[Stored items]
——

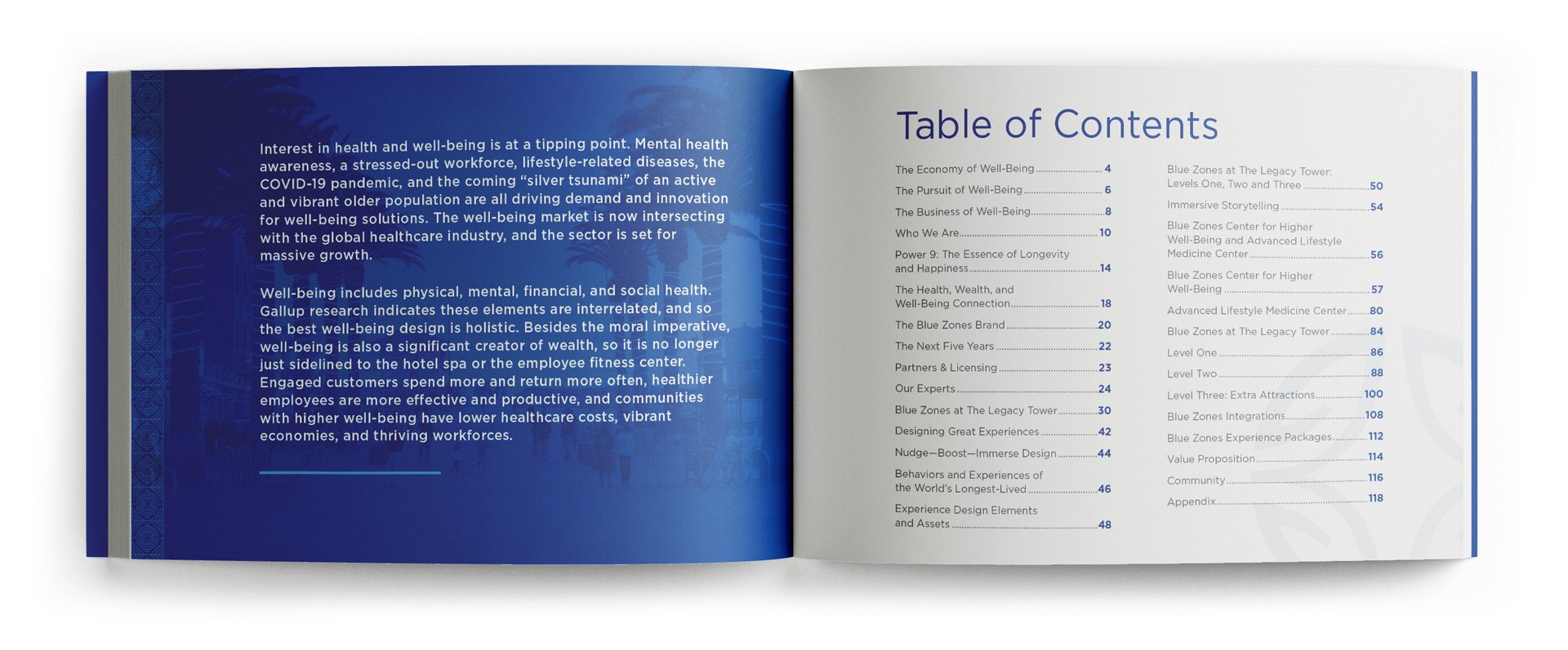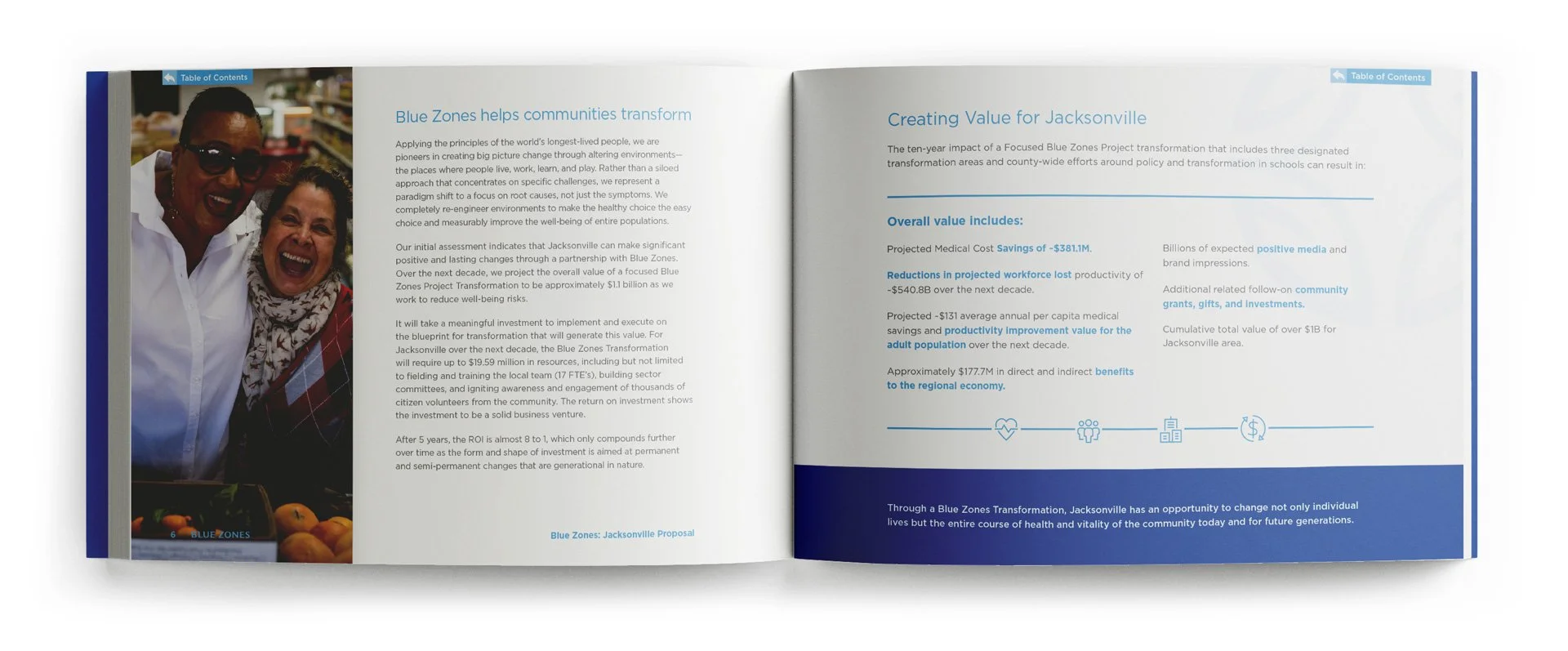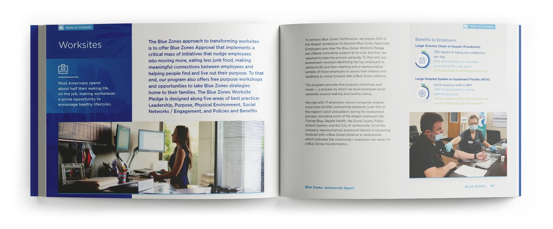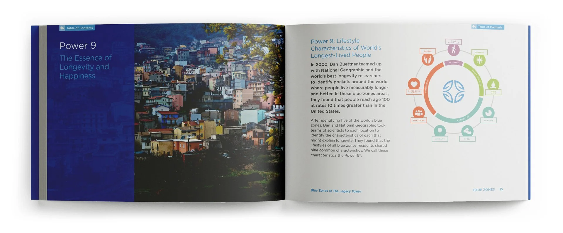 In this capacity I’ve shaped visual narratives that translate intricate ideas into elegant, digestible forms: infographics that clarify, data visualizations that illuminate patterns, spreads that balance precision with warmth. Each piece is crafted with careful attention to hierarchy, color, and rhythm, designed to reveal the heart of Blue Zones’ initiatives while honoring the humanity behind the numbers. The result is work that speaks with clarity and sophistication, inviting viewers to both understand and feel the impact of their work.
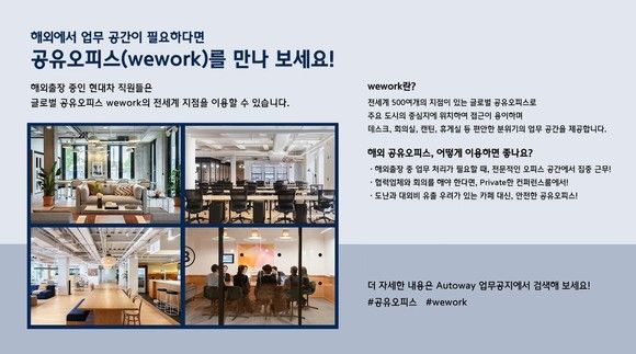 먼저, 현대차는 세계적인 공유오피스 위워크(WeWork)와 손잡고 6월부터 해외 출장자들이 전 세계 출장지에서 위워크가 운영하는 공유 오피스를 이용할 수 있도록 했다. 기아는 제도 도입을 검토하고 있다.
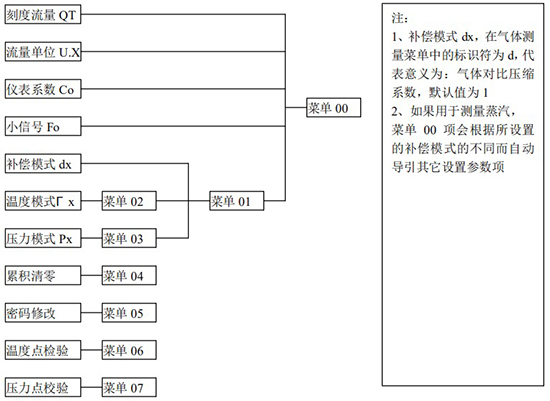 3.1、本儀表表頭采用自導(dǎo)引式和菜單式相結(jié)合的參數(shù)設(shè)置方式,所謂自導(dǎo)引式參數(shù)設(shè)置方式就是用戶在進(jìn)入菜單 00 項后,表頭中的微電腦會自動導(dǎo)引用戶去設(shè)置需要設(shè)置的參數(shù)。另外,用戶也可以通過菜單模式分別對各組參數(shù)進(jìn)行設(shè)置。蒸汽測量菜單框圖如下:
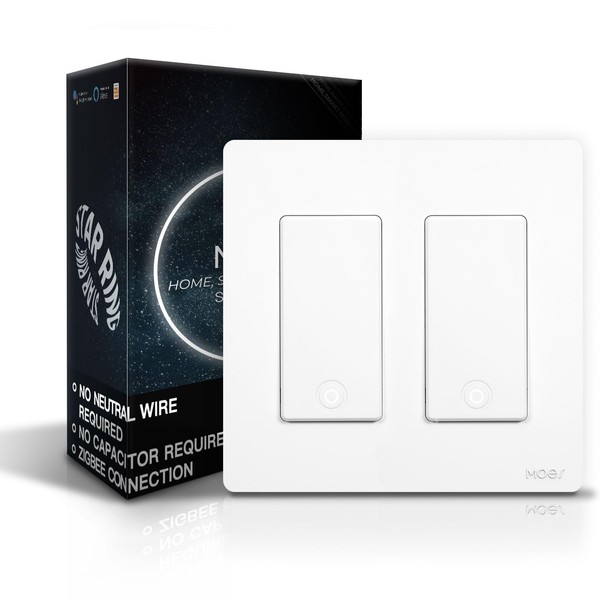 MOES Zigbee Smart Switch 2 Gang, No Neutral Wire Required, Inteligente Single Pole Light Switches, Compatible with Alexa Google Assistant, Remote Control, Require MOES Zigbee Hub
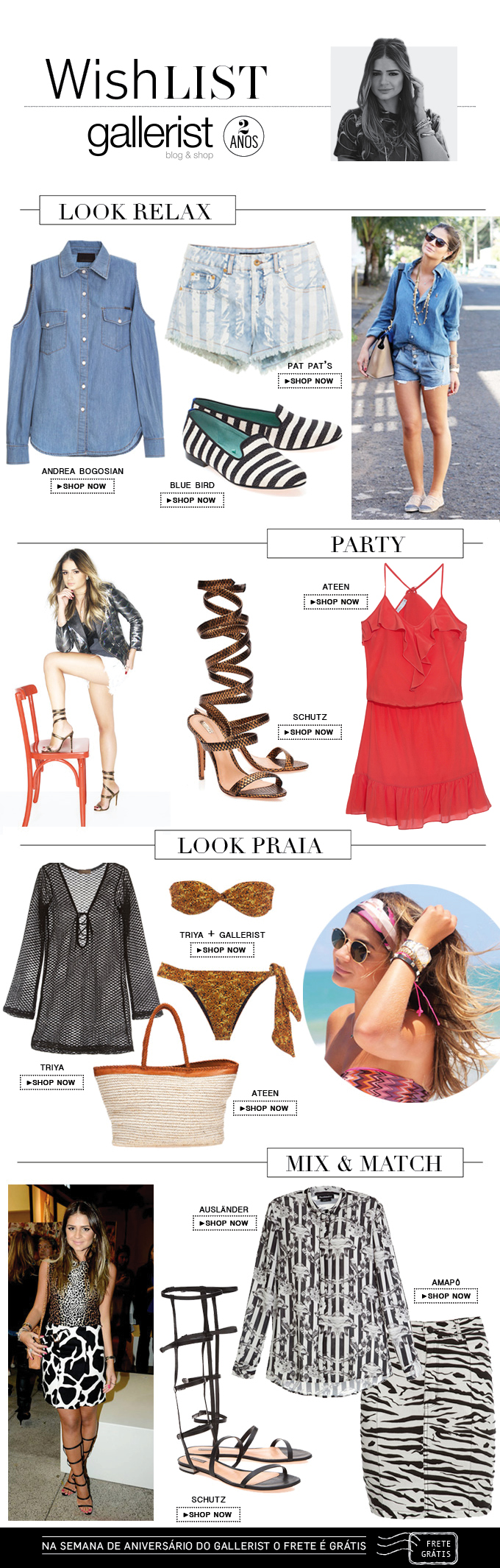 Final de 2013 e começo de 2014 significam milhares de festas e eventos. Pensando nesta época que se estende ate o Carnaval, a Nati criou uma whislist focada em looks perfeitos para cada ocasião. Venha ver!
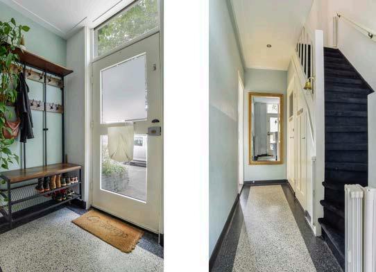 Binnenkomst in de hal waar de originele terrazzo vloer al direct de sfeer van het huis kenmerkt. In de hal vind je de trap naar de eerste verdieping, ge volgd door een praktische trapkast en het toilet.
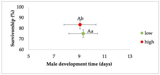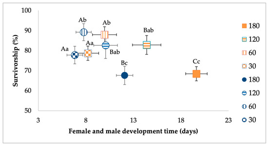 Analysis of the effects of food treatment on survivorship and development time of Ae. albopictus males. Bivariate least-squares means (±standard error) are shown for the dependent variables which had the greatest contribution to the multivariate effect. Means followed by different letters show significant differences (development time, capital letters, survivorship, lower-case letters).
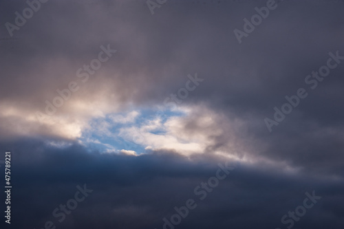 Naklejka premium The blue sky looks out among the dark winter clouds
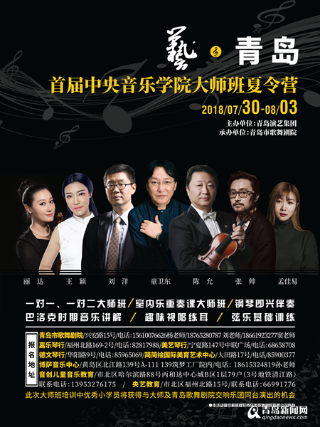 青島新聞網7月10日訊(記者 張力偉)這個暑期,在青島上中央音樂學院的大師課。由青島演藝集團主辦、青島市歌舞劇院承辦的“藝·青島”首屆大師班夏令營將于7月30日—8月3日舉行,這也是“青島藝術人才培養(yǎng)計劃”2018年的重要活動之一?!芭e辦夏令營是為了積蓄音樂之島的力量,提高青少年的藝術素養(yǎng)和專業(yè)水準?!鼻鄭u市歌舞劇院張樂群院長表示,劇院有責任有義務打造島城高水平的藝術教育平臺。
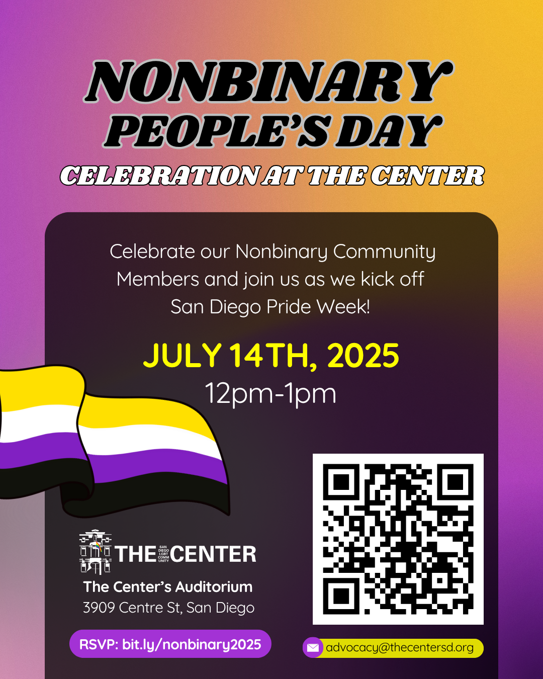 “Celebrate our nonbinary community members and join us as we kick off San Diego Pride Week! We will host a community gathering at The Center to celebrate our nonbinary community members during Nonbinary Awareness Week.”
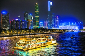 5日晚,“廣州財富號”游船載著部分論壇嘉賓,一覽珠江美景。廣報全媒體記者陳憂子攝
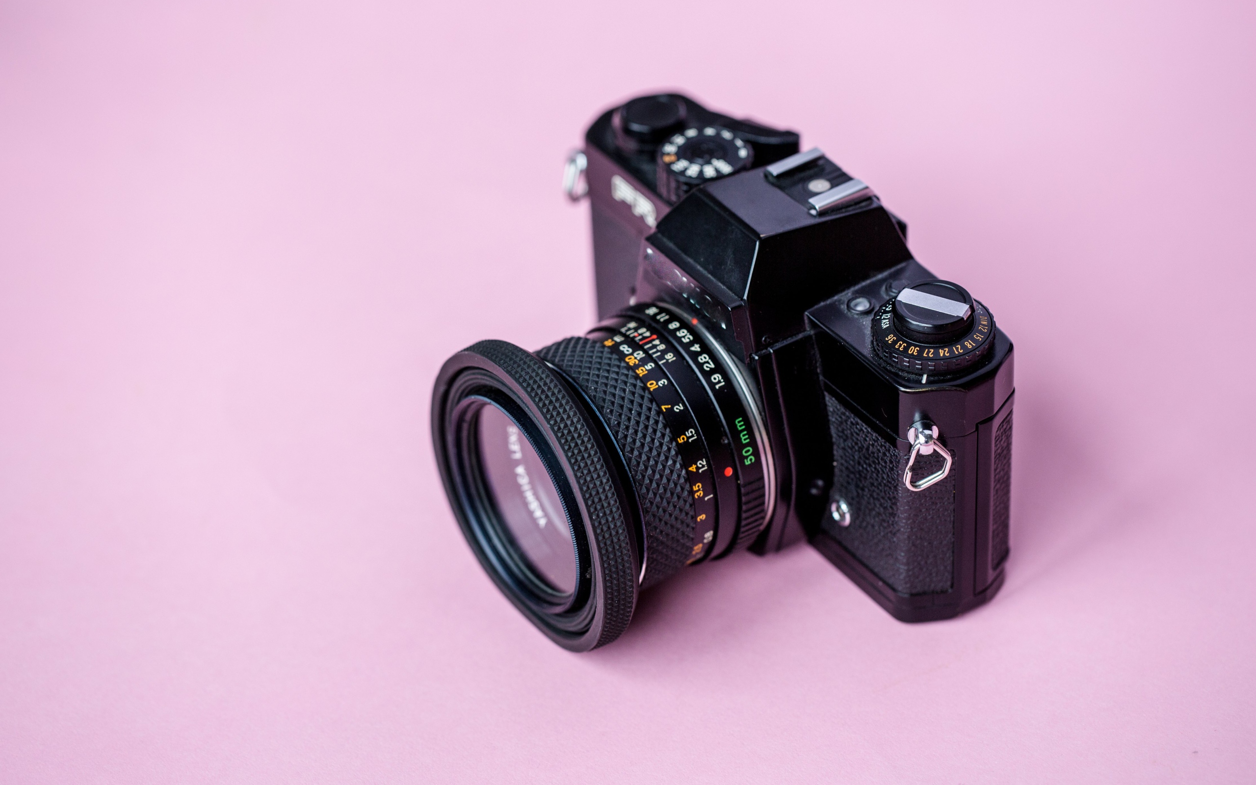 Старый фотоаппарат на розовом фоне - 4460x2973
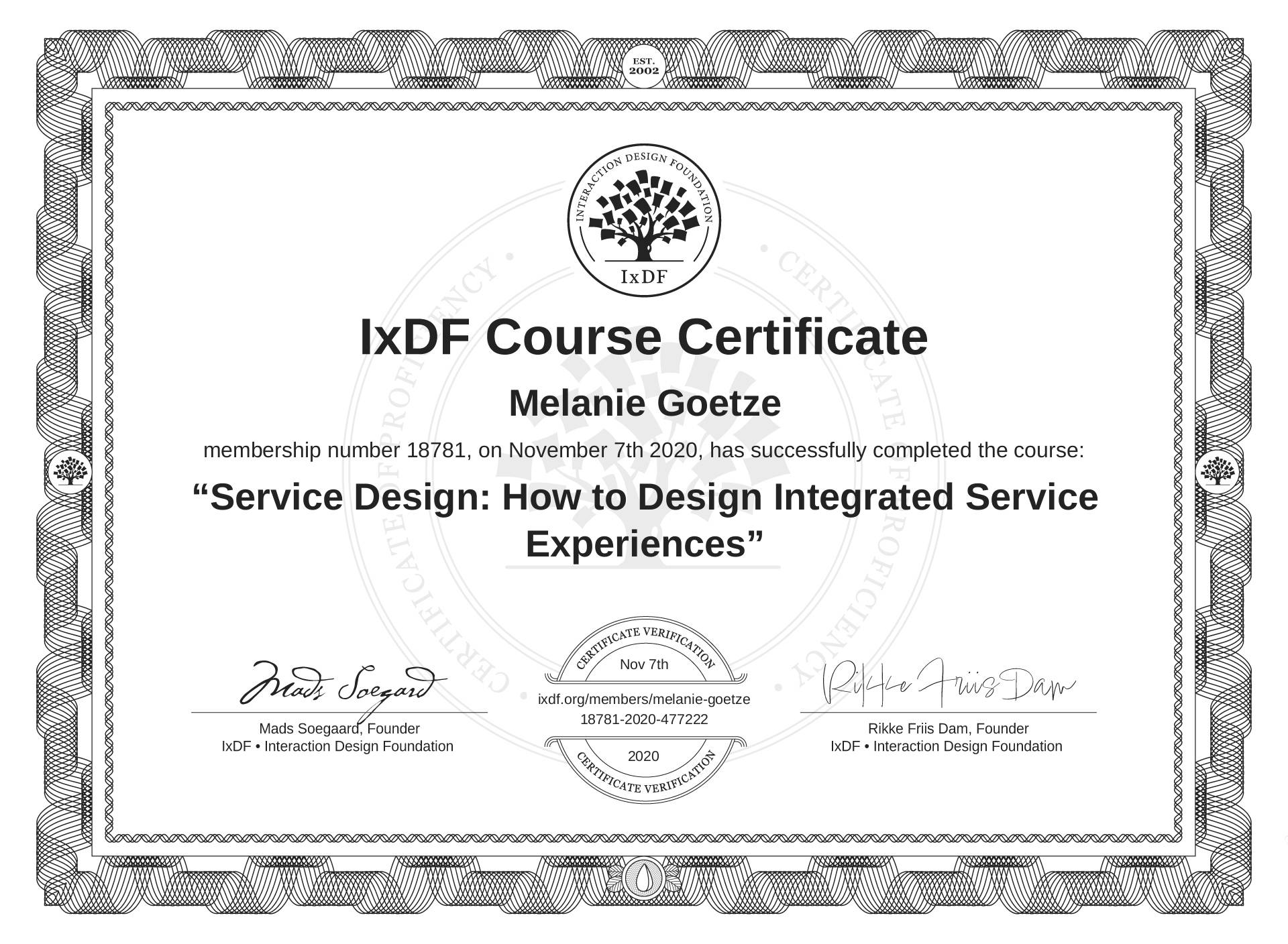 Melanie Goetze's IxDF Course Certificate: Service Design: How to Design Integrated Service Experiences

——

- **Task description**: Can the lines from the one with "Binnenkomst in de" to the end of the records above be quoted exactly, both ends included, with every picture omitted?

- **Your response**:
 Binnenkomst in de hal waar de originele terrazzo vloer al direct de sfeer van het huis kenmerkt. In de hal vind je de trap naar de eerste verdieping, ge volgd door een praktische trapkast en het toilet.
 Analysis of the effects of food treatment on survivorship and development time of Ae. albopictus males. Bivariate least-squares means (±standard error) are shown for the dependent variables which had the greatest contribution to the multivariate effect. Means followed by different letters show significant differences (development time, capital letters, survivorship, lower-case letters).
 Naklejka premium The blue sky looks out among the dark winter clouds
 青島新聞網7月10日訊(記者 張力偉)這個暑期,在青島上中央音樂學院的大師課。由青島演藝集團主辦、青島市歌舞劇院承辦的“藝·青島”首屆大師班夏令營將于7月30日—8月3日舉行,這也是“青島藝術人才培養(yǎng)計劃”2018年的重要活動之一?!芭e辦夏令營是為了積蓄音樂之島的力量,提高青少年的藝術素養(yǎng)和專業(yè)水準?!鼻鄭u市歌舞劇院張樂群院長表示,劇院有責任有義務打造島城高水平的藝術教育平臺。
 “Celebrate our nonbinary community members and join us as we kick off San Diego Pride Week! We will host a community gathering at The Center to celebrate our nonbinary community members during Nonbinary Awareness Week.”
 5日晚,“廣州財富號”游船載著部分論壇嘉賓,一覽珠江美景。廣報全媒體記者陳憂子攝
 Старый фотоаппарат на розовом фоне - 4460x2973
 Melanie Goetze's IxDF Course Certificate: Service Design: How to Design Integrated Service Experiences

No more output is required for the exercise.